Throughout the New Testament there are Latinisms, Latin words annd names spelled in Greek, or Latin idioms more or less literallty translated in to Greek. (Granted Paul did not use many; his travels did not take him to many areas where Latin was spoken.)
And none occur in the Septuagint, the famous Greek translation of the “Old Testament” that was begun around 200 B. C.
The point is, of course, that the existence of Latinisms in the New Testament mark it as written around the latter part of the First Century; and the absence of Latinisms in the LXX (Septuagint) would make sense for a work written primarily in Hebrew.
(I note, incidentally, that in Dr. James Strong’s Exhaustive Concordance, he calls part of the work the “Hebrew and Chaldee dictionary,” using “Chaldee” as a term he apparently preferred to “Aramaic,” but I think that’s just splitting hairs. :))
The very first personal names in the Bible are Hebrew: Jehovah: “he causes to be.” Adam: “man.” (may be related to dam, “blood.”)
*Eve" (Hebrew Khawah, “living.” (Adam gave her this name, according to Genesis, because “She had to become the mother of everyone living,” that is, of course, all humans living on Earth except for Adam and Eve themselves.)
Thomas Mann included the translation of this name in his great novel Joseph and His Brothers. It has to be Hebrew, because the Aramaic word for son is bar.
Another OT play on words is in the story of Susannah and the Elders. The mullas of those days lusted after Susannah, and because they couldn’t get her, out of spite they made up an accusation of adultery. Daniel cross-examined them and got her acquitted. He questioned them separately and found inconsistencies in their story, which proved it false. He asked them under what tree the alleged adultery occurred.

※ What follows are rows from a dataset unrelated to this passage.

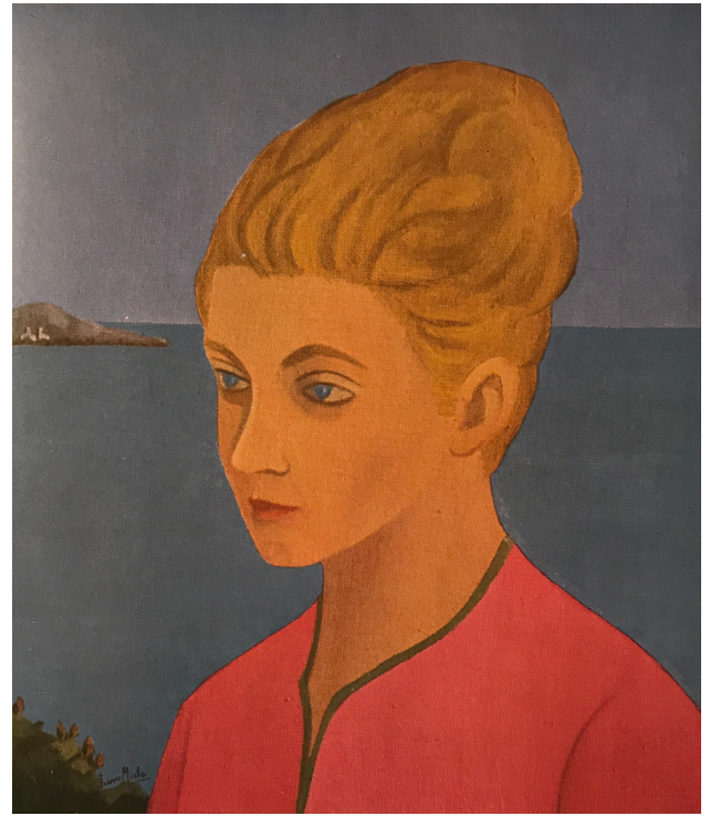
Fig. 9 - Franco Miele, Ricordo di Xenia , 1966-67 ca., olio su tela, 35 x 30 cm.

Finita questa premessa, Miele passò quindi alla descrizione del progetto di “(una grande mostra di pittura sovietica contemporanea (con circa 200 opere e più))” nella quale si sarebbero dovuti esporre “(accanto agli artisti deceduti o ai pittori più che anziani (come Sarian, Deineka) gruppi di giovani o della media generazione, fra i più significativi delle varie repubbliche)” 58 . Propose di organizzarla a Palazzo delle Esposizioni, precisando che lo si sarebbe potuto ottenere gratuitamente dal Comune di Roma, e sottopose un preventivo delle spese che la Rappresentanza Commerciale avrebbe dovuto affrontare per l'organizzazione (allestimento, catalogo, utenze, ecc.). Per quanto riguarda la
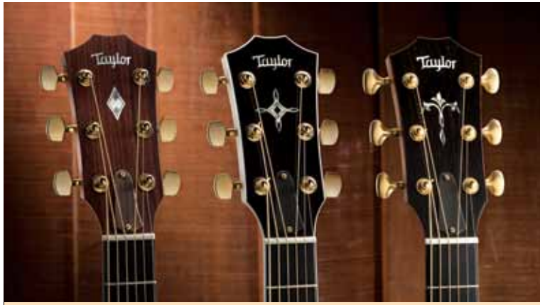
Oben: Intarsien-Kopfplatten der First-Edition-Modelle der Grand Orchestra. L-R: 518e, 618e, 918e; Rechts: Ausblick von der Torrey-Pines-Felsenküste auf den Black's Beach; Gegenüberliegende Seite (L-R): 518e, 618e

entscheidende Moment ist jedoch der, in dem er einen Prototyp der neuen Gitarre aus Palisander und Fichte aufnimmt, um deren tonales Wesen vorzuführen. Er streicht ein paar offene Akkorde, die im Raum nachklingen und deren Kraft und Fülle mit langem Sustain andauern.
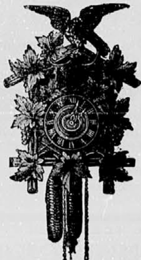
Št. 11. Ura »kukavica« lepo izrezana močno kolesje s ko- ščenimi kazalci . . . . . gld. 12-50
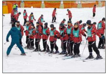
レベルごとの班に分かれて実習
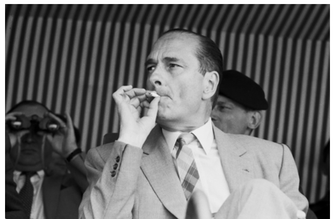
Jacques Chirac.
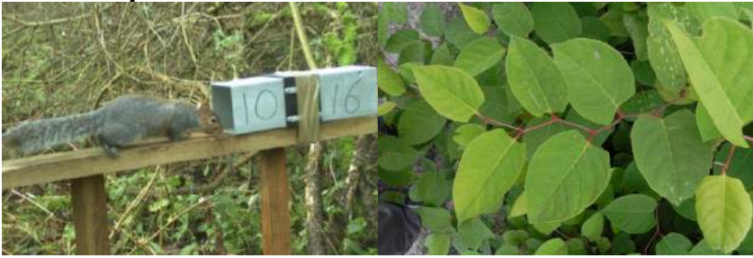
Een grijze eekhoorn aan de pil (links) Een Japanse duizendknoop (rechts)

Wageningen - In Groot-Brittannië zetten ze grijze eekhoorns aan de anticonceptie pil. Deze eekhoorns zijn exoten die de inheemse rode eekhoorns verdrijven. Ook op het continent hebben wij last van invasieve, uitheemse soorten zoals de Japanse duizendknoop. De Wageningen University onderzoekt nu een nieuwe methode om deze exoot ook aan de de pil te krijgen. Omdat een plant anders dan een eekhoorn geen mond heeft om deze te voeden moet de universiteit teruggrijpen op primitievere methoden. De volgende manieren zijn nu nog in onderzoek:
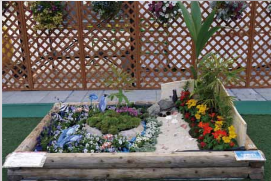
「彩りあふれるハートの街福岡」 Healing forest

穏やかな美しい海、緑あふれる彩りの街・福岡 ハートの島は、市民の心の形 全国に、世界に幸せを発信しましょう!!
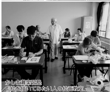
かしま灘楽習塾 「絵を描いてみたい人の絵画教室」
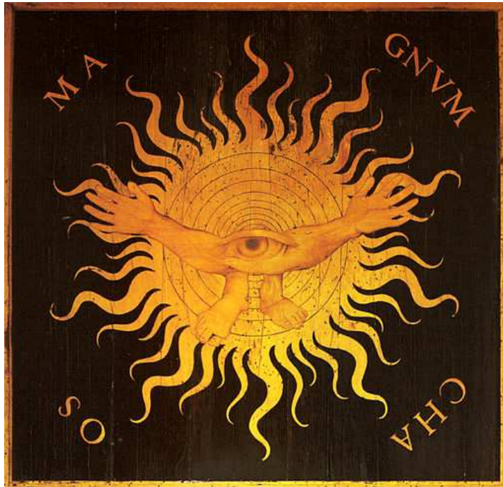
Capoferri y Lotto, Magnum Chaos . Imagen de dominio público.
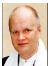
Sven Grünberg helilooja
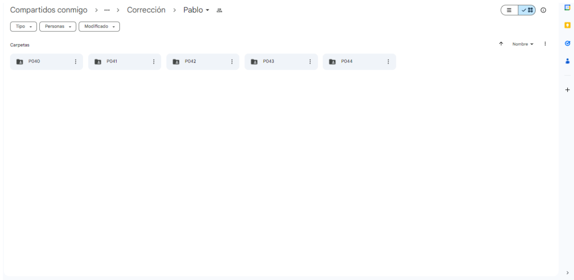
Imagen 4. Los 5 proyectos que me fueron asignados para su revisión y ordenamiento.
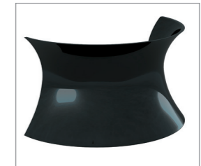
цвет — черный глянец
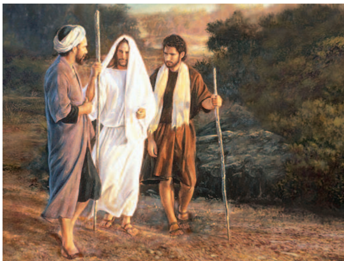
Greg Olsen: Road to Emmaus című képe

A fordulópont ebben a történetben ott kezdődik, hogy maga Jézus szegődik melléjük, magyarázza az Írásokat és a szívükre beszél, mint egy jó lelkigondozó, rávezeti őket
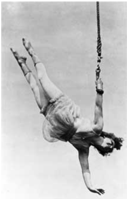
Kuva 4. Lillian Leitzel suorittamassa yhden käden ympärämenoa.

paikoilleen. Oikean käden ranne hiertyi rikki jokaisessa esityksessä, ja kun Lillian laskeutui alas maneesille, hänen ranteensa vuosi verta. Hän esitti olevansa pökerryksissä korostaakseen esityksensä rajuutta. Yleisö oli todennäköisesti samanaikaisesti kauhuissaan ja haltioissaan, kun nainen poistui maneesilta pökerryksissä ja verta vuotavana. Leitzelin oikean käden ranne oli hiertynyt rikki jokailtaisesta pyörimisestä. Vapaa-aikanaan hän peitti hiertyneen ranteensa koruilla tai huiveilla. (Encyclopedia of World Biography 2010.)
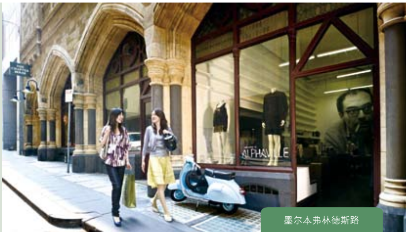
墨尔本弗林德斯路
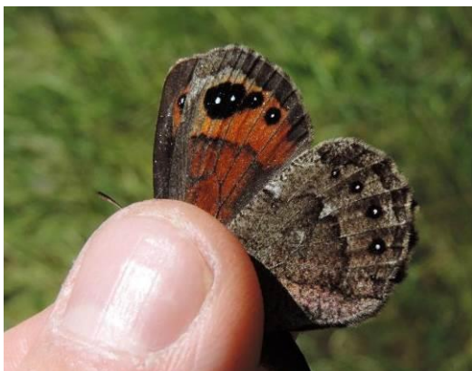
Esempio di fotografia ottimale: ali anteriore e posteriore, da sotto

Nel caso di “cattura temporanea”, suggeriamo di trattenere il corpo della farfalla e distendere le ali come illustrato nelle fotografie sottostanti, avendo cura di impedire il movimento delle ali ma, allo stesso tempo, coprendo con le dita il meno possibile la parte basale delle ali.
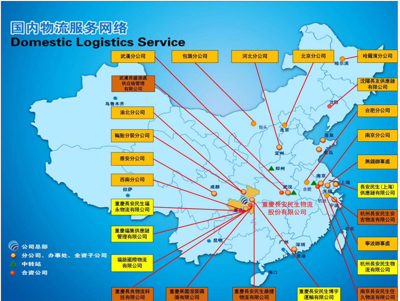
圖二：公司目前的分支機構分佈圖

於 2019 年 12 月 31 日，本公司累計設立分公司、子公司、聯營企業和辦事處 26 個，主要分佈在華東、華中、華北、華南和西南地區（圖二）。不斷完善的服務網絡，令本集團能提供物流服務至全國各地。
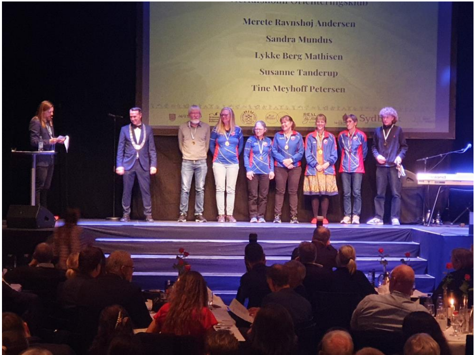
Kåring af klubbens DM-medaljetagere til årets Sport Awards
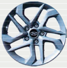
Origo® Leichtmetallfelgen 16" 215/70 R16
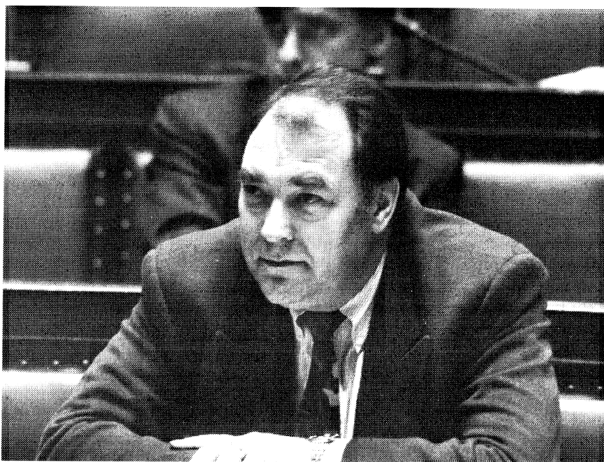
Het ontwerp van decreet betreffende de bodemsanering dat dooi- minister Norbert De Batselier (SP) werd ingediend, kreeg de goedkeuring van de Raad
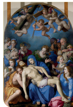
Bronzino, Déploration sur le Christ mort , Musée des Beaux-Arts et d'Archéologie

16 novembre 2018 , Réouverture du musée avec sa nouvelle présentation des collections dont un important patrimoine archéologique de l'Égypte antique aux époques gallo-romaine et médiévale ainsi qu'une collection exceptionnelle de peintures représentatives des principaux courants picturaux de la fin du XV e au début du XX e siècle et qui réunit des chefs-d'œuvre de Bellini à Matisse.

The funny thing is that the tree names are used to make puns that only work in Greek, not Hebrew.
“Where didst thou see them?” “Under a mastic tree (skhinos).” “The angel of God shall cleave (skhisei) thy soul to-day.” “Under a holm-tree (prinos).” " The angel of God shall saw thee in two (prisei)."
I beg to differ, Zev.
According to the Hebrew and Chaldee Dictionary in Dr. James Strong’s Concordance, the Hebrew name Adam is indeed akin to dam, “blood”; it is also akin, according to Strong, to adamah, as you note.